W tej chwili w rejonie Alei Jerozolimskich na wysokości ulicy Ryżowej trwa dramatyczna akcja ratunkowa. Na miejscu znajduje się ogromna liczba służb ratunkowych, które prowadzą wyścig z czasem, by uratować robotnika przygniecionego przez zawalony strop podczas prac wyburzeniowych.
Fot. Warszawa w Pigułce
Nasz reporter obecny na miejscu informuje o niespotykanej mobilizacji służb ratunkowych. Kolejne jednostki straży pożarnej, karetki pogotowia i radiowozy policji wciąż przybywają na miejsce zdarzenia. Ulice w pobliżu miejsca katastrofy wypełnione są błyskającymi światłami pojazdów uprzywilejowanych.

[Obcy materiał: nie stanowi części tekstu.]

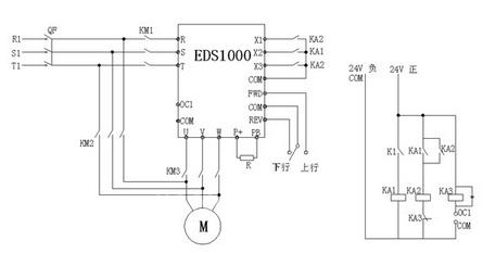 该方案采用EDS1000变频器,在开环矢量控制模式下具有低频启动扭矩大、响应速度快等特点,在0.5Hz启动时其输出转矩可达150%额定转矩,完全能够满足电梯的工艺要求;
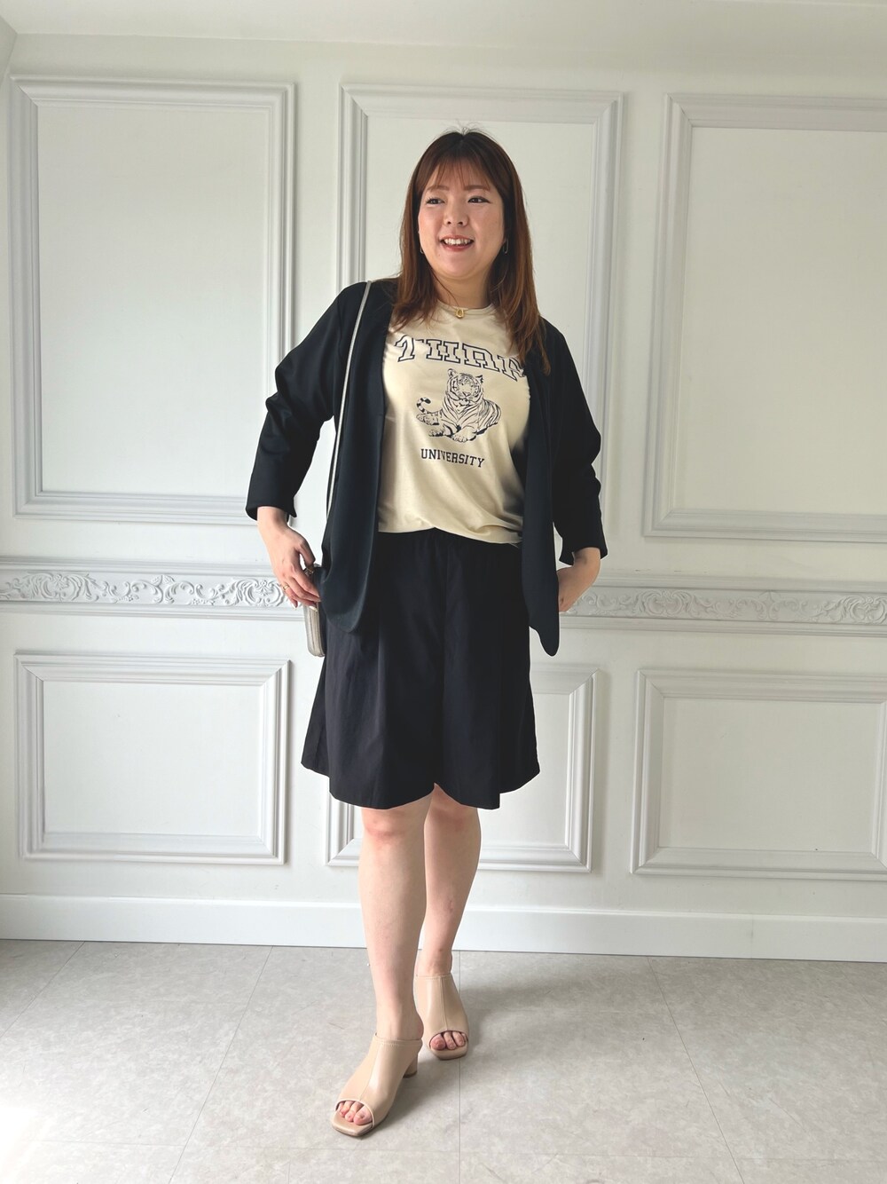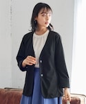 KYARAKOI.act(nissen本店)のノーカラージャケット「大きいサイズ 美ラクRUタッチシンプルジャケット(接触冷感)」を使ったコーディネート
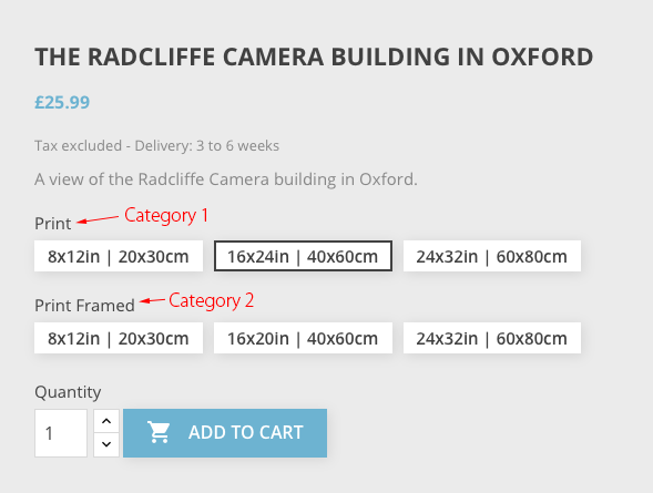 Walrus Posted February 1, 2017 Share Posted February 1, 2017 (edited) I have created 3 attribute categories: Prints with different sizes; Framed Prints with different sizes; and Frame Types with two choices. When I add one category to combinations (see attached screenshot), I can set one combination as the default and then impact the price for the others. So far so good. However, when I add the second category, prices remain at default for it and don't change. Will the option only work with one attributes category? I actually need three: print, print framed, and frame type. Anyone know how to do this or if this is a known issue or a limitation of the feature? Prestashop 1.7 (latest). Thanks. Edited February 1, 2017 by Walrus (see edit history) Link to comment Share on other sites More sharing options...

Warszawski Meditrans natychmiast po otrzymaniu zgłoszenia skierował na miejsce dwa Zespoły Ratownictwa Medycznego (W01 162 i W01 126), jednak ze względu na skalę zdarzenia, na miejscu pojawiają się kolejne jednostki medyczne. Strażacy z kolejnych zastępów przywożą specjalistyczny sprzęt do prac przy katastrofach budowlanych.
W rejonie ulicy Ryżowej utworzono sztab kryzysowy koordynujący działania wszystkich służb. Policja zabezpiecza szeroki teren wokół miejsca katastrofy, organizując objazdy dla innych użytkowników drogi. Ze względu na duże siły zaangażowane w akcję ratunkową, ruch w tym rejonie jest znacznie utrudniony.

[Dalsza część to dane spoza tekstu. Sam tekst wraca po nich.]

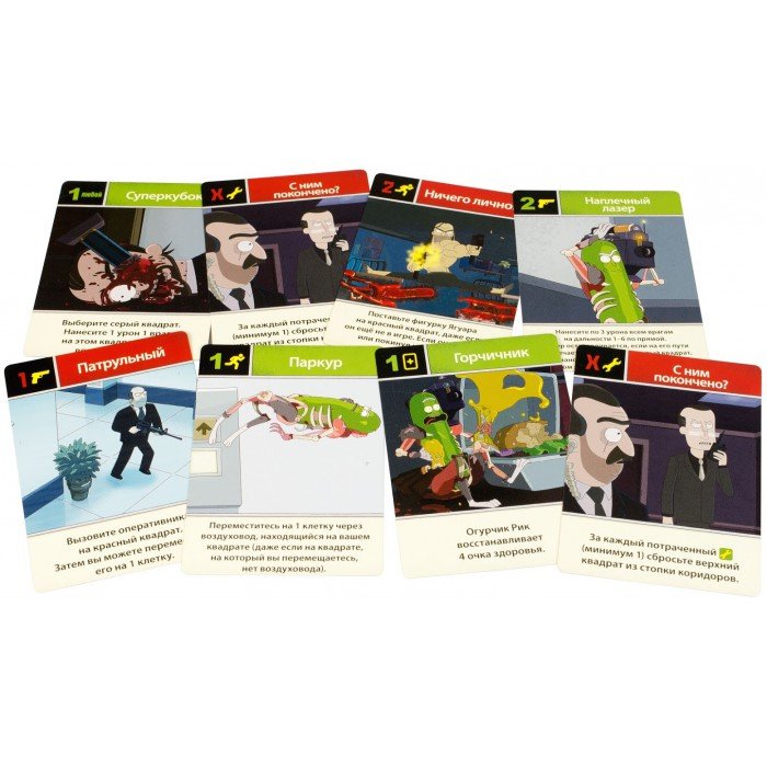Якщо у вас в руках опинився гігантський пластиковий огірок, то вам крупно (в прямому сенсі слова) пощастило. Так, його не можна використовувати для салату, але з ним можна здорово розважитися. Ми, якщо що, говоримо про настільній грі Рік і Морті: Огурчик Рік (Rick and Morty: Pickle Rick), а ви про що подумали? Шанувальникам серіалу «Рік і Морті» можна не пояснювати, чому люди, бачачи упаковку з цією грою в вигляді великого зеленого огірка на підставці, радісно кричать: «Морті, дивись! Я огірочок! Огірочок Рік ». А ось усім необізнаним магазин настільних ігор Хід Конем із задоволенням радить подивитися 3 епізод 3 сезону цього божевільного серіалу. Там весело розповідається про пригоди вченого Ріка Санчез, який, щоб не йти зі своєю дочкою чи в торговий центр, то чи до психотерапевта, перетворює себе у великій маринований огірок. Ціна цього вчинку виявляється висока - адже Ріка випадково змиває в каналізацію. Щоб протистояти агресивно налаштованим щурам, він робить собі екзоскелет (з того, що вдалося купити на аліекспресс, точніше - зібрати, пробираючись по трубах), але саме соковите рубилово починається, коли Рік потрапляє в туалет російської секретної бази. Ось тут вам і належить підключитися до замісу, адже без вас не розберуться! Причому в дуельному коридорному шутере «Рік і Морті: Огурчик Рік» один з гравців візьме на себе роль маринованого генія (у вигляді симпатичної високодеталізованими фігурки), а другий буде представляти російських оперативників і найманця Ягуара. У останніх - 34 озброєних охоронця і вони не можуть вбити огірок, тому агенти вербують небезпечного злочинця (у якого теж є грізна мініатюра), щоб покришити на олів'є Ріка, ну або хоча б не дати йому втекти. Завдання вченого - вижити і дістатися до злітної площадки на даху. Шлях геніального зеленого огірочка до порятунку лежить через коридори бази на складеному ігровому полі, тайли якого будуть відкриватися гравцям поступово, тому кожна партія проходить на новому плацдармі. Добір карт, атака, переміщення фігурок персонажів та інші можливості регламентуються кидком спеціальних кубиків, частина з яких можна перекинути. У обох сторін є різні колоди з картами дій (зі смішними ілюстраціями і фірмовим гумором), а також свої унікальні можливості. Рік, наприклад, як справжній слизький корнішон, може переміщатися не тільки по коридорах, а й через вентиляційні шахти, і володіє багатим арсеналом пасток і картами зброї. Шпигуни в свою чергу щосили стріляють і вміло використовують тактичні прийоми, щоб загнати Ріка в кут. Все це неподобство триває до виконання однієї зі сторін переможних умов і легко забирається всередину гігантського огірка до наступного замісу. До речі, якщо ви раптом не знайшли другого гравця, то в гру можна прекрасно зарубати самостійно, граючи в соло-режимі за Ріка. Настільна гра «Рік і Морті: Огурчик Рік» викликає дикий захват у шанувальників серіалу і всіх оригіналів, легко береться з собою і чудово виглядає на полиці. Повірте, припадає пилом їй там не доведеться - адже цей посміхаються зелений огірок всім своїм привабливим виглядом і захоплюючим змістом як би говорить: «Пограй зі мною! Буде здорово". І ти з ним кожен раз охоче погоджуєшся.

Świadkowie opisują imponującą mobilizację służb – na miejscu można zobaczyć nie tylko wozy strażackie i karetki pogotowia, ale także specjalistyczne jednostki techniczne i pojazdy wsparcia logistycznego. Służby wykorzystują wszelkie dostępne środki, by jak najszybciej dotrzeć do uwięzionego pod gruzami człowieka.
Ze względu na powagę sytuacji i ogromną liczbę pojazdów ratunkowych zmierzających na miejsce zdarzenia, służby apelują do kierowców o bezwzględne ustępowanie drogi pojazdom uprzywilejowanym oraz o omijanie rejonu Alei Jerozolimskich w pobliżu ulicy Ryżowej. Tworzą się znaczne korki, które mogą utrudniać dotarcie kolejnym jednostkom ratowniczym.
Akcja jest szczególnie trudna ze względu na charakter zawalenia – służby muszą działać niezwykle ostrożnie, by podczas usuwania gruzu nie doprowadzić do kolejnych zawaleń, które mogłyby zagrozić zarówno poszkodowanemu, jak i ratownikom.